Let $f\colon \mathbb R \to \mathbb R$ be a continuous $2\pi$-periodic function, i.e. for every $t \in \mathbb R,$ we have $f(t) = f(t+ 2\pi)$. Which of the following statements are true?
a. There exists $t_0 \in \mathbb R$ such that $f(t_0) = f(−t_0).$
b. There exists $t_0 \in \mathbb R$ such that $f(t_0) = f(t_0+\pi/2).$
c. There exists $t_0 ∈ \mathbb R$ such that $f(t_0) = f(t_0 +\pi/4).$
My Try:-
(a) Let $f(-\pi+2\pi)=f(\pi)=f(-\pi)$
(b) let $g(t)=f(t+\pi/2)-f(t)$
$g(0)=f(\pi/2)-f(0)$
$g(3\pi/2)=f(2\pi)-f(3\pi/2)$
I am wishing to apply Intermediate Value Theorem, But not able to apply.
(c) $g(t)=f(t+\pi/4)-f(t)$
Please help me to apply IVT in a correct way.
Here also I wish to apply Intermediate value theorem.

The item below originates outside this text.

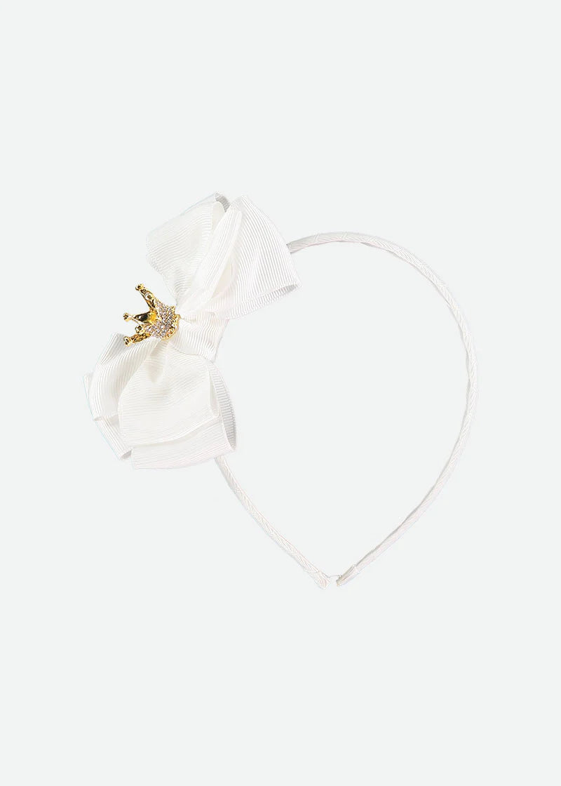 Our sparkly crown headband comes in a range of colors to complement any outfit. The decorative headband features our signature Angels Face bow complete with a sparkling gold crystal crown, suitable for any princess.

$$0=f(0)-f(2\pi)=(f(0)-f(\pi/2))+(f(\pi/2)-f(\pi)$$ $$+(f(\pi))-f(3\pi/2))+(f(3\pi/2)-f(2\pi)).$$ Hence at least one of the terms here has to be positive and at least one negative. It follows that the continuous function $f(x)-f(x+\pi/2)$ takes both positive and negative values. Hence it must vanish at some point. This proves b) and c) is similar.